Prior to December 1,1924, the lessees gave due notice of their desire to renew the lease. Mrs. Buckler denied they had any right to renewal and leased the premises to the Grant Company, whereupon plaintiff vacated the premises under protest and later brought this action.

The lease to the Grant Company was for 25 years, from December 1, 1924, at a rental of $40,000 annually, for the first 5 years; $42,500 annually for the next 5 years; and $45,000 annually for the remainder of the term.

The decisions are uniform in holding that a covenant to renew a lease at the expiration of the term upon the same terms and conditions and with like covenants is satisfied by one renewal, and the tenant cannot insist upon the incorporation in the renewal of a covenant to renew at the expiration of the new term, for, otherwise, a perpetuity would be created which the law does not favor. It will not be presumed the' parties so intended unless the plain and unmistaken import of the language used so shows. Diffendiefer v. Board of Public Schools, 120 Mo. 447, 25 S. W. 542; Drake v. Board of Education, 208 Mo. 540, 106 S. W. 650, 14 L. R. A. (N. S.) 1829, 123 Am. St. Rep. 448; Winslow v. B. & O. R. R., 188 U. S. 654, 23 S. Ct. 443, 47 L. Ed. 635, and cases there cited. See, also, 16 R. C. L. 387; Taylor on Landlord and Tenant (9th Ed.) §§ 332, 333, 334; Jones on Landlord and Tenant, § 343 ; 35 C. J. 1027; cases cited in notes 123 Am. St. Rep. 462; 13 Ann. Cas. 1006; Ann. Cas. 1916C, 1096.

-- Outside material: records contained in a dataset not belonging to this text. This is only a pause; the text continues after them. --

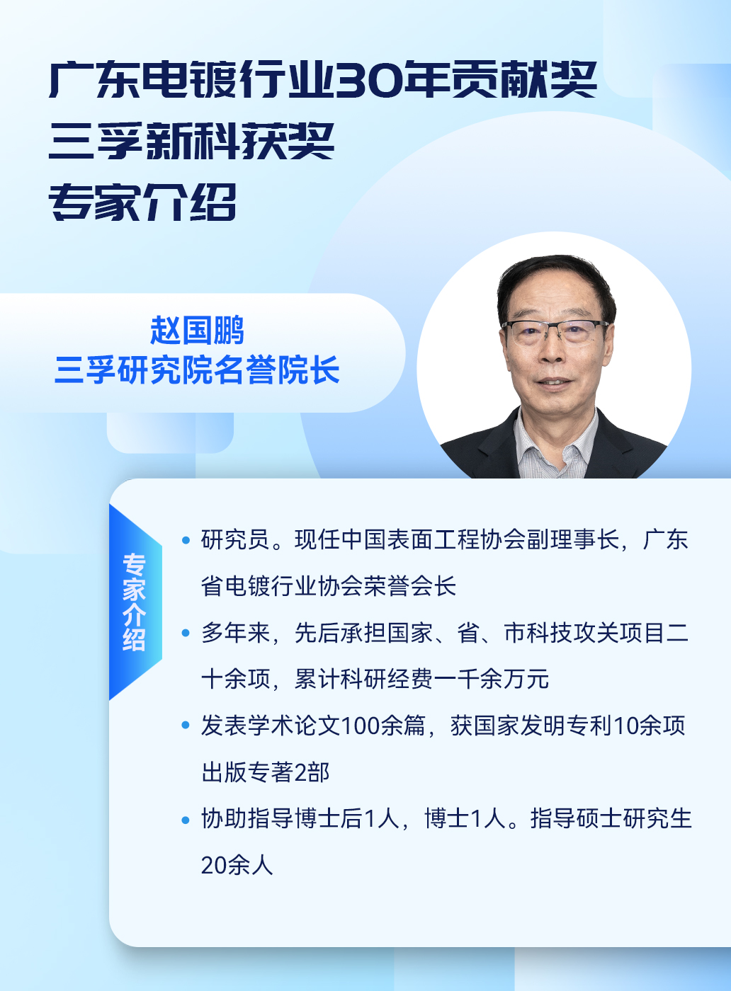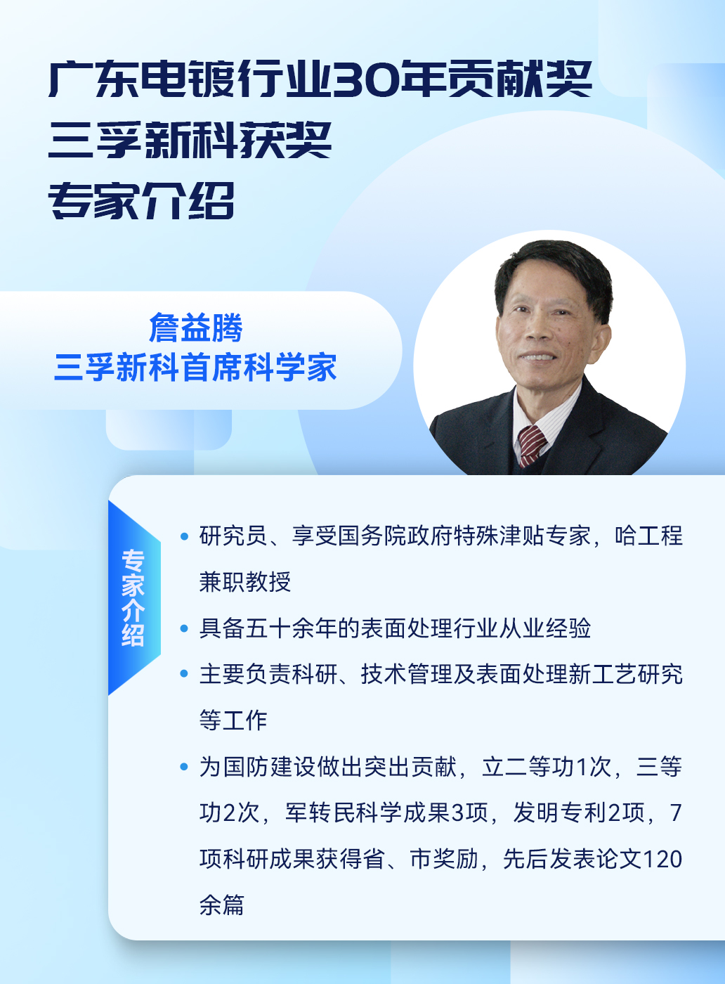 三孚研究院首席科学家詹益腾、名誉院长赵国鹏荣获“广东电镀行业30年贡献奖”。
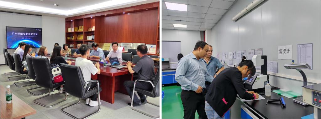 师生首先前往广东轩朗实业有限公司展开调研。在调研交流会上,公司副总经理华路介绍了公司发展历程、主营产品、未来机遇以及面临挑战,并围绕各类光学膜片、光学板材及功能性光学材料的制造技术与师生们进行了交流。紧接着,华路带领师生一行参观了公司研发中心部门,向师生们展示了公司全系列进口精密加工设备和完善的配套测试设施。
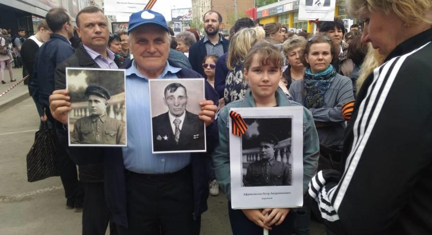 Бессмертный полк. В первом ряду, слева направо, сын пограничника и партизана П.П. Африкантов, правнучка А.В.Козырева, и боком, справа, стоит внучка О.Н. Козырева. В руках у Петра Петровича две фотографии своего отца и тестя И.В. Ковалёва. Саратов 2018 год.
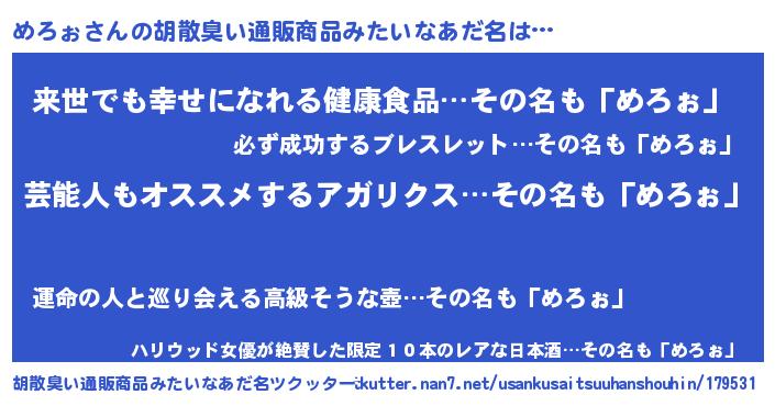 | ヘコむあだ名 | 『めろぉ(笑)』『めろにゅー』 |

There is no doubt that, under the terms of the original lease, the plaintiffs were entitled to but one renewal. As to this, appellants make no point, but insist the agreement of January 18, 1916, granted them the right of extension for an additional term of 5 years. '

No question is here presented of a perpetual right of renewal contended for them. There is, therefore, no occasion to apply the strict rules of construction obtaining in cases of that nature. In construing leases, the general, rule is that they are most strongly construed against the lessor. 35 C. J. 1181. This is upon the principle that every man’s grant is construed most strongly against him, and if' there is any uncertainty the tenant is favored rather than the landlord, for the latter, having the power to stipulate in his own favor has omitted to do so. 35 C. J. 1010; Taylor, Landlord & Tenant (9th Ed.) § 81; 16 R. C. L. 884. In construing provisions in a lease relating to renewals where the question of creating a perpetuity is not involved, this rule is applied. 35 C. J. 1010.

A covenant to renew is not required to be in any particular form. 16 R. C. L. 884; 35 C. J. 1008.

When the parties executed the extension contract of January 18, 1916, it was the right of Mrs.